The shock of electricity filled Lodis’ brains. The tingling was turning into burning pain that wouldn’t leave his skull. He could not see, and his eyes wouldn’t respond. Nor would his body. He felt like he was floating in nothingness with only pain as his company. This was death he thought? How unrewarding and simple. This was not what he bargained for, he was promised to stand before mighty Khorne and be judged. Not this. This was false. Just then, even more shock and now a bright light that burned his vision. After what seemed like eternity the light became less bright and a bit focused, blurred shapes and dark outlines were now recognizable.
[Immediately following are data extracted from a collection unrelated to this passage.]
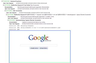 So wird in jedem Teardown geprüft ob der Test fehlgeschlagen ist. Ist dies der Fall wird das Keyword „Take Screenshot“ aufgerufen. Diesen prüft noch den Browser, und nur wenn dieser nicht der Internet Explorer ist, wird das neue Keyword „Capture Remote Screenshot“ aufgerufen, welchen den Screenshot dann auch sofort ins Logfile einbettet: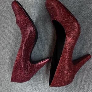 Handmade ruby slipper heels inspired by The Wizard of Oz. Created using Dexter brand heels as the base, then coated in red glitter for a sparkly, eye-catching look. Perfect for Halloween costumes, cosplay, theater, or themed displays.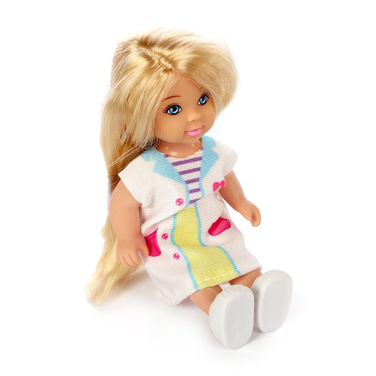 - Кукла высотой 18 см со светлыми волосами и подвижными конечностями

He tried to blink away the fogginess but had no control, nothing but pain and blurred vision. The light began to flicker, and twitch like he was watching a poorly transmitted vid pix. “Oh mighty Khorne what have you done with me?” Lodis thought. Just then, his vision was brought to focus as sharp as ever before, sounds were now filling his mind. Scraping metal, chains rattling and being tensioned and voices, did he hear voices? He was being inundated with information faster than his brain could register. “What in bloody hell is going on with me!” he screamed in his mind. To his surprise a voice not of his own replied, a voice that was not human but machine. “Lodis, you have been accepted into the ranks of greatness and immortality in the flesh and mind.” The voice continued, ”now, awaken and see what great Khorne has blessed upon you.” Just then Lodis was fully aware of his surroundings. He was in the belly of a metal beast, a Dreadnought. A metal tomb for those who die but are not fully dead. A living hell. Never to feel the rapture of murder, the bite of bone and the taste of death ever again. To be ensnared in a body not his own and never released was punishment, not reward for a life spent killing in his masters name. “What have I done wrong to deserve this oh mighty Khorne, what have I done!?! do not steal death away from me, do not cheat me of what I deserve.” Again the mechanical voice replied, “Lodis, now is the time to fully integrate you to your new systems, you will feel pain as we mindwipe you and program your thought processors. Please standby for systems integration…” 

Lodis never wanted what was to become, no true warrior of Khorne would. For to kill and die was the glory of all true believers. Life meant nothing and only death was real. Death was immortal and unyielding. But death would have to wait for Lodis as Khorne had more killing for him to do.


----------



## Dessel_Ordo (Jul 28, 2008)

kudos man, good story.


----------